Principles of AI Coding in Bioinformatics Analyses
4 min read
Don’t over-engineer for hypothetical edge cases
Traditional software engineering often emphasizes handling many possible user behaviors gracefully. In bioinformatics, the situation is different: an analysis is usually built for a specific dataset, a specific biological question, and a single operator.
So instead of designing for every hypothetical edge case, prioritize strict validation of the assumptions your analysis depends on. If those assumptions are violated, the pipeline should stop and report the issue clearly. Many “edge cases” in bioinformatics are actually signs of data quality problems, metadata inconsistencies, or incorrect preprocessing, and they should be investigated rather than silently worked around.
Avoid silent analytical fallbacks; throw errors explicitly
AI agents often tend to adding fallback mechanisms when a primary method fails. However, this is not ideal for the bioinformatics stack, as we typically want the primary (best-practice) method to work. If it fails, we should first fix the code or data to accommodate it rather than falling back to a secondary method.
Use a specialized bioinformatics agent to guide your research narrative and direction
The importance of system prompts is well-known. General-purpose coding agents (such as those in Claude Code, Codex, and OpenCode) are useful for implementation, but they are not always good at choosing appropriate methods, identifying caveats, or deciding what biological questions should come next. Domain-specific bioinformatics agents are often better suited for analysis planning, interpretation, and strategic direction.

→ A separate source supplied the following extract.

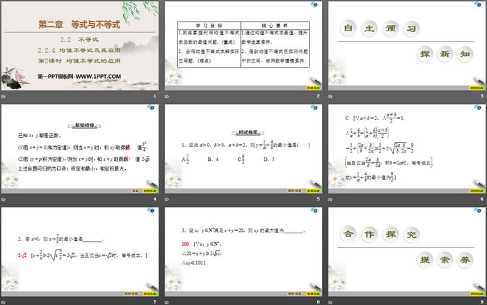 关键词:高中人教B版数学必修一PPT课件免费下载,均值不等式及其应用PPT下载,等式与不等式PPT下载,均值不等式的应用PPT下载,.PPT格式;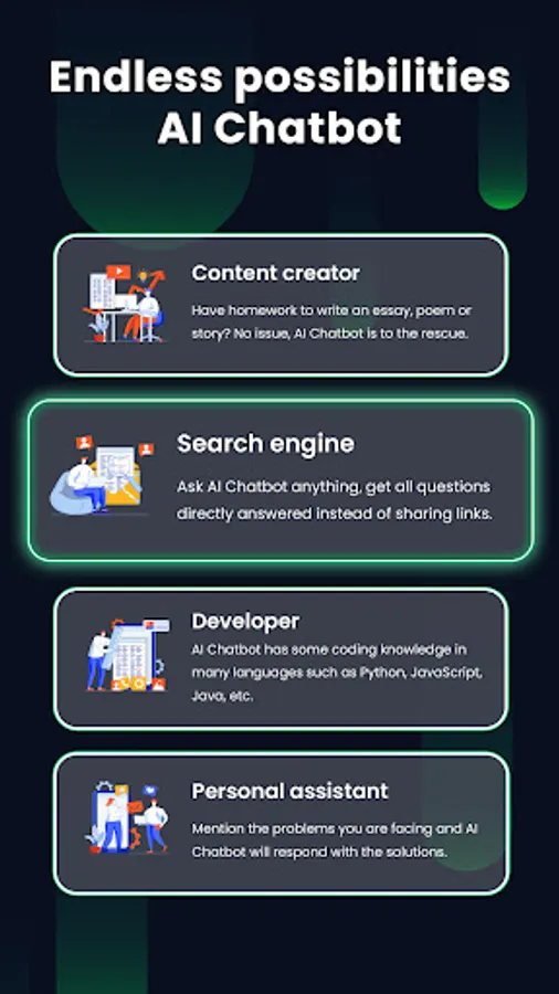 This mobile app is the perfect solution for anyone who values intelligence and convenience. Whether you're looking for information, advice, or just want to have a conversation, the AI chatbot powered by GPT-3 & GPT-3.5 & GPT-4 technology will provide you with smart, relevant answers that will leave you impressed and satisfied. So, why wait? Download the app today and start chatting with the smartest AI chatbot on the market!

You can set up a good system prompt using Prompt Optimizer. Or if you are using OpenCode, you can use opencode agent create to create a agent.

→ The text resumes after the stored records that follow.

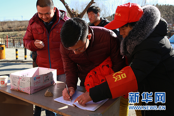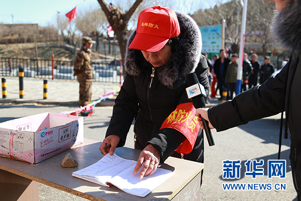 上山游客做登記并將打火機(jī)暫存給護(hù)林員。新華網(wǎng) 周靖杰 攝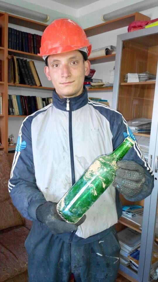 Бутылку нашёл рабочий по имени Игорь, он трудится в бригаде, которая реставрирует мечеть Шукурла-эфенди. Рабочие восстанавливают стены и кладут черепицу. Бутылка была найдена в стене с северной стороны.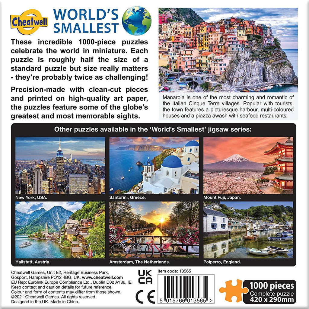 World's Smallest 1000 Piece Jigsaw - Manarola is a quality 1000 piece jigsaw puzzle from Cheatwell Games's World's Smallest Collection.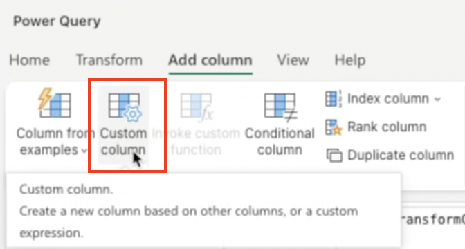 • Özel Sütun Seçin: Sütun Ekle şeridinde, “Özel Sütun” düğmesini bulun ve tıklayın. Bu, “Özel Sütun Ekle” kutusunu açar. Bu, kod yazarak kurallarımızı belirtmemize olanak tanıyan temel özelliktir.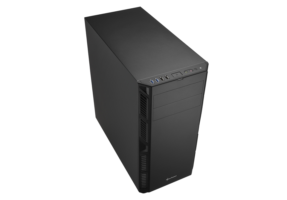 Así como ocurre en los últimos gabinetes de Sharkoon, el panel frontal viene en un diseño sin cables y está diseñado para una instalación fácil, de por ejemplo, unidades de 5.25″. Filtros de polvo desmontables detrás del panel frontal y en la parte inferior protegen el hardware de la suciedad. Por encima del panel frontal, se ofrecen dos USB 3.0, USB 2.0 y puertos de audio.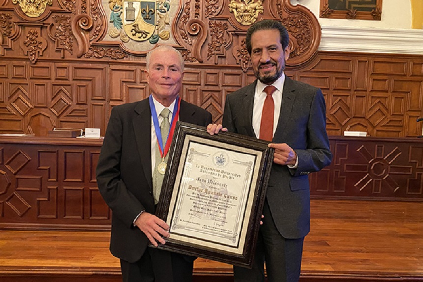El abogado, quien recibió el Doctorado Honoris Causa por su inquebrantable voluntad de hacer valer la ley, y por su defensa de la persona y de los derechos colectivos, manifestó visiblemente emocionado su beneplácito por el galardón, entregado por «una de las mejores universidades de México, con gran prestigio internacional».

Encourage AI to do web search
Web search is particularly valuable in two aspects: one is in deciding what methods, parameters, and best practices should be used for a given analytical step, as well as the potential caveats of that step; the other is when writing biological narratives and determining downstream directions, requiring consultation of external literature.

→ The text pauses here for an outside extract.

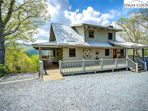 Enjoy 10 acres on the top of the mountain and front south facing sides. You will find trails, rock dens, and wildlife. From the back deck you can hear the falls of Buckeye Creek. From the front deck you can see Beech Mountain Ski slopes. Wrap around porches feature swings and long range views are spectacular. A beautiful maintained log home with 3 bedrooms and four baths. An additional bonus room and sleeping quarters for guests. This has a three bedroom septic permit. master on the first floor with granite vanities in the bath and laundry. Upstairs bedrooms feature cathedral ceilings, with window dormers for additional space. Well laid out parking area for all your guests parking, which features the 12X20 outbuilding. This building is perfect to store your outdoor toys. Perfect location for the ATV/UTV enthusiast. You are 10 minutes from the Watauga River access . 5 minutes to Beech Creek Swimming Hole, that offer hiking and fishing.

Specific web search tools may vary depending on the agent tool. Currently, a search tool I find quite useful is GuDaStudio/GrokSearch at grok-with-tavily, which is a MCP server.
Review each completed step critically
You’ve successfully run an analysis step, generated result files, and encountered no errors—everything appears fine. But hold off on celebrating. As mentioned earlier, AI might add fallbacks or implicit error handling without your awareness. Worse still, if your task is sufficiently complex, AI may skip over certain steps and produce some shitty placeholder results. Opening a separate session to have AI review the code and results from this step typically uncovers significant issues and improvement opportunities.
While the AI may flag many existing problems or areas needing improvement, some of these suggestions might be trivial. You will need to discern which issues genuinely require attention and refinement.
Try to make each step granular and parallelizable when useful
Each bioinformatics analysis step should be as “atomized” as possible, meaning each step should focus on completing a single small objective or task. This approach has two benefits: 1) It allows AI to focus on completing the current small objective, one step at a time, making it less prone to errors. 2) It enables caching of already successfully executed steps, reducing the time needed to re-run steps during debugging. This is especially useful when you’re using workflow managers (targets, snakemake, nextflow, etc.).
Optimize for reproducibility, not just task completion
AI should generate workflows that can be rerun reliably, not just code that works once. This means data should never be manually edited but always manipulated by code scripts. Additionally, pay specific attention to non-deterministic steps (e.g., clustering in scRNA-seq), which can produce different results even with unchanged code. One solution is to incorporate seeds into the code.